In the material below, find the line with "为确保学校后勤疫情防控工作各" and the line with "アーケード街。パン屋、レストラン、洋服屋、銀行・・・あとなんかメガネ屋が多い". Output exactly those two lines and all lines between them, leaving out pictures.

Extracted material >>
'''
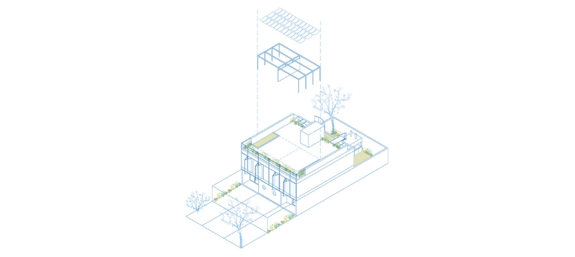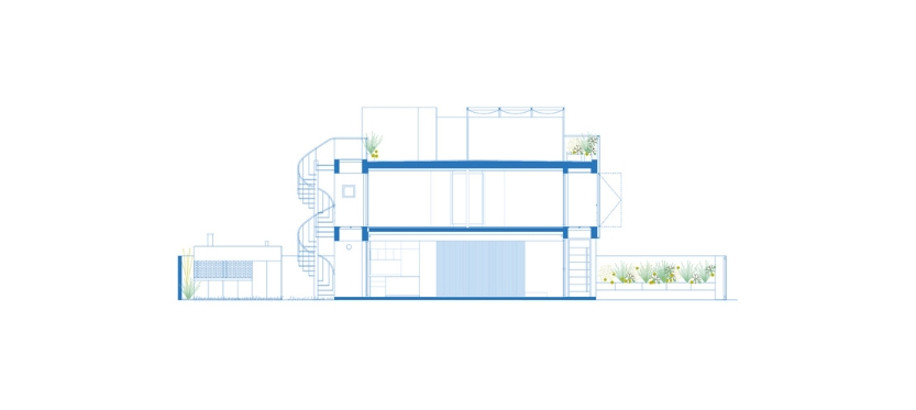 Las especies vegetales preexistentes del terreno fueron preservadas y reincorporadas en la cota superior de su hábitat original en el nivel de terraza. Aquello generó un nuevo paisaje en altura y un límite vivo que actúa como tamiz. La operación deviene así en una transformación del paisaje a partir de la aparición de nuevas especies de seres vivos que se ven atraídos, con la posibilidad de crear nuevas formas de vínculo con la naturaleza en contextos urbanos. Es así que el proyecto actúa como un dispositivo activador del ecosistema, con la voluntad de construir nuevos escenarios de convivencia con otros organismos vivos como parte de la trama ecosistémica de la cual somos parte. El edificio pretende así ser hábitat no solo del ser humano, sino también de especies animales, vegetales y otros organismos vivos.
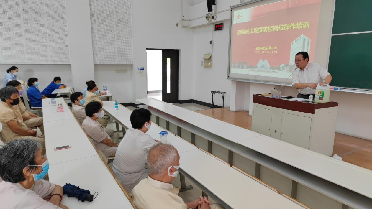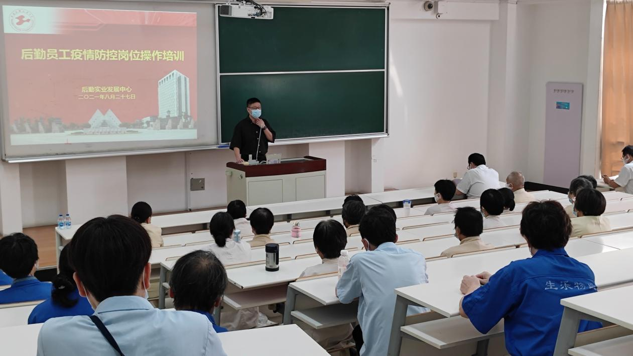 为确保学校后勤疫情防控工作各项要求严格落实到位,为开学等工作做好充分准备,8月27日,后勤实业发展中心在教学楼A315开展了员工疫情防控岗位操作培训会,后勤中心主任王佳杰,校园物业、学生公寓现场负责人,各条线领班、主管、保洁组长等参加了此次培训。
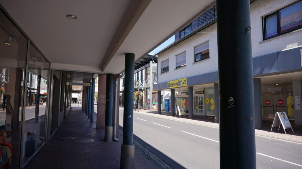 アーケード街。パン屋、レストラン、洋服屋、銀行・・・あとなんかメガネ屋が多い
'''
'''
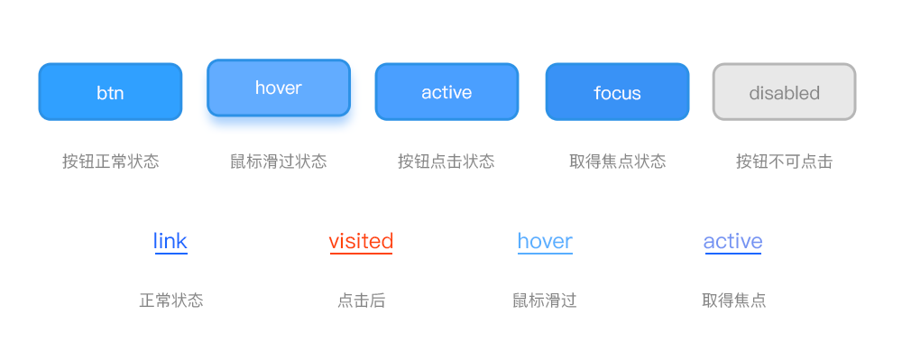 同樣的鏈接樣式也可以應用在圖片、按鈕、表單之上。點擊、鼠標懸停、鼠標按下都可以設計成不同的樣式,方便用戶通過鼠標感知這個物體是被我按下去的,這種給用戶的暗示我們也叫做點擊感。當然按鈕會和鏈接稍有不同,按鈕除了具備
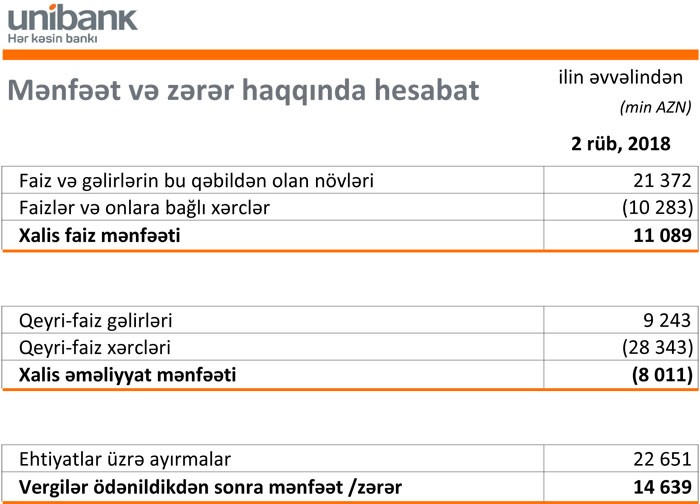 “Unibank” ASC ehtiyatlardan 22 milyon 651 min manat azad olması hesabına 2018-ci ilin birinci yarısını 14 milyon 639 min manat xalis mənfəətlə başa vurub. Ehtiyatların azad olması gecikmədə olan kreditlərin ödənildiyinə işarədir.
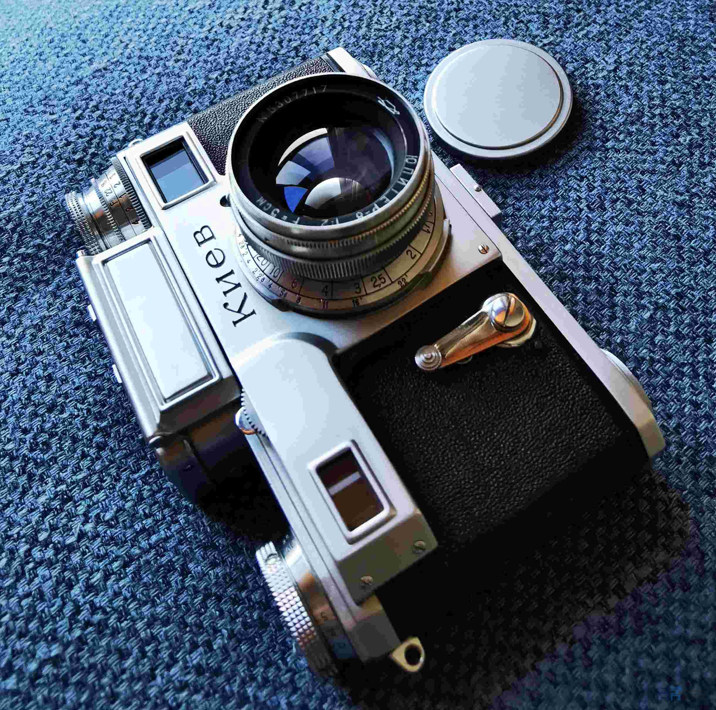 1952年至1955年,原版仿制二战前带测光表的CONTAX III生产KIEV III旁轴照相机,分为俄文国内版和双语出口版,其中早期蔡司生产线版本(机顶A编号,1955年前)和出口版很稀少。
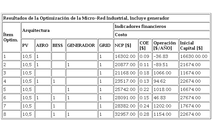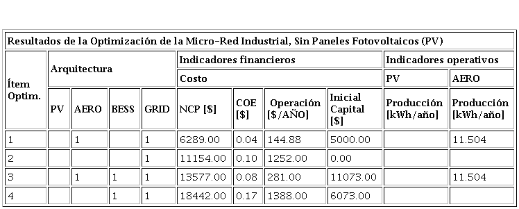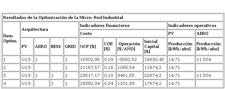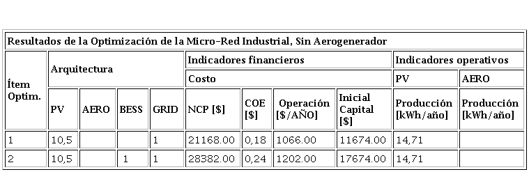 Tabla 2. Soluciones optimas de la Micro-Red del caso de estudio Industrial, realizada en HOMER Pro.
'''
Reply to the task >>
 为确保学校后勤疫情防控工作各项要求严格落实到位,为开学等工作做好充分准备,8月27日,后勤实业发展中心在教学楼A315开展了员工疫情防控岗位操作培训会,后勤中心主任王佳杰,校园物业、学生公寓现场负责人,各条线领班、主管、保洁组长等参加了此次培训。
 アーケード街。パン屋、レストラン、洋服屋、銀行・・・あとなんかメガネ屋が多い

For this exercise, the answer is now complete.